12:30 a.m. x 2007-03-25
i aaalmost just put a new layout up, but i like it so much that i want to iron out any kinks before i fully erect it. my soul is feeling kind of trampled upon, by my own volition.
a pile of old notebooks avalanced me and i discovered that a lot of the concepts and story ideas i'm currently working with are much older than i remember them being.
i wish i still had my oldest draft of my oldest story. i still hazily remember how i worked out the beginning. i remember writing about the main character's parents near a building under a shady tree, and i remember the picture i saw that made me visualize the main character the easiest. there was a long, elaborate subplot with a little sister character i hated. i hated both the girl and the subplot. little girls are tricky to handle in general, and she didn't serve a purpose for the story. also the main character married his best friend, there was a key throng of fans surrounding them at various points in the story. those things all survived to a few subsequent drafts. most drafts begin with the mother in therapy, all mature drafts begin in a motel room.
it has been 40 pages and it has been 14 pages. most if not all of it, any of it was written past midnight. it says what i always wanted to say, and if someone was going to get to know me the best, they'd have to know it about me. and it is a small and normal thing that almost everyone has. probably everybody. there are metaphors for stagnation, fear of desire, guilt. things everyone has or hates or worries over. but i guess it is the way in which i chose to word it that says something about me in particular, that i am not as accepting of my own feelings. i struggle against my emotions. i fight them, and they come out swinging.

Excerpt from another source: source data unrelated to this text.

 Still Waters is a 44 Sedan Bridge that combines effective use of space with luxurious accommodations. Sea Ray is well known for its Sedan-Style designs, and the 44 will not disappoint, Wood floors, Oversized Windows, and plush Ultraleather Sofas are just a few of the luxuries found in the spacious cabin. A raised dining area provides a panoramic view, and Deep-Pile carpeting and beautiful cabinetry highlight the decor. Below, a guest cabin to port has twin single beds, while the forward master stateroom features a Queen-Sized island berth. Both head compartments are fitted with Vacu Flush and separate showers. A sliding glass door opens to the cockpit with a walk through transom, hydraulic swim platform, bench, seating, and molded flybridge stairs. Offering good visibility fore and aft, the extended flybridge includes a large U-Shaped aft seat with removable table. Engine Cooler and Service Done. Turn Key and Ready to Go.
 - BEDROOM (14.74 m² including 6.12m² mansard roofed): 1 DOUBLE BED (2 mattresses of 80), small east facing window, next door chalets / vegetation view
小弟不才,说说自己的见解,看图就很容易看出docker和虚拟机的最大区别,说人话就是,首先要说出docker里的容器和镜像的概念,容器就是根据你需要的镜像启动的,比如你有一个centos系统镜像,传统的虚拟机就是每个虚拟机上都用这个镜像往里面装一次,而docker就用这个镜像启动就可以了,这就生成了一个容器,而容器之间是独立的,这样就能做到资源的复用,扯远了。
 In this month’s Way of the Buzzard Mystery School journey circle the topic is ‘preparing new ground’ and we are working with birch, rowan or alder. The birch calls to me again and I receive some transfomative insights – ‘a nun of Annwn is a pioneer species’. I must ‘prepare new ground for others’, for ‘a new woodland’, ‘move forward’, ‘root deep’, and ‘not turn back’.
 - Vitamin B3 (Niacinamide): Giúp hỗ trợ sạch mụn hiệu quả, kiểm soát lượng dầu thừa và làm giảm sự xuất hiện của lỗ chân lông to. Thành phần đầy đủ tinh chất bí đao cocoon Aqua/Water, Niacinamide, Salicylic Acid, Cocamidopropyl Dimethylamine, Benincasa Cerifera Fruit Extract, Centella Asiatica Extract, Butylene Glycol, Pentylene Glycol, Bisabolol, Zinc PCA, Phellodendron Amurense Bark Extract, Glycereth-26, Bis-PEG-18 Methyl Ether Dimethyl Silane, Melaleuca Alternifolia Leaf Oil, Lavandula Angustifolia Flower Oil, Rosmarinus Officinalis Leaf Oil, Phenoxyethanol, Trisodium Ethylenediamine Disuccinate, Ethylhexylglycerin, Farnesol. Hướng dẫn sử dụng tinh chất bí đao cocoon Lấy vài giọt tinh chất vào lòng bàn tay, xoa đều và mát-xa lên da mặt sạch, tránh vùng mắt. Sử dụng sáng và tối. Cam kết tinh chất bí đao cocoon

i want this little book to swing.
it is unfriendly, but my hope is, with all of the gruff and gristly bits concerning the depths of my emotional repression, i want to accurately juxtapose it with the very safest and warmest i have ever felt. i want that vivid contrast. i used to feel overwhelmed by all the bad in me, and it has devoured some of the greatest things i've ever had going, but being that i've since begun to grow up, it has served to enhance the good experience. i feel a lot more balanced now than i ever have.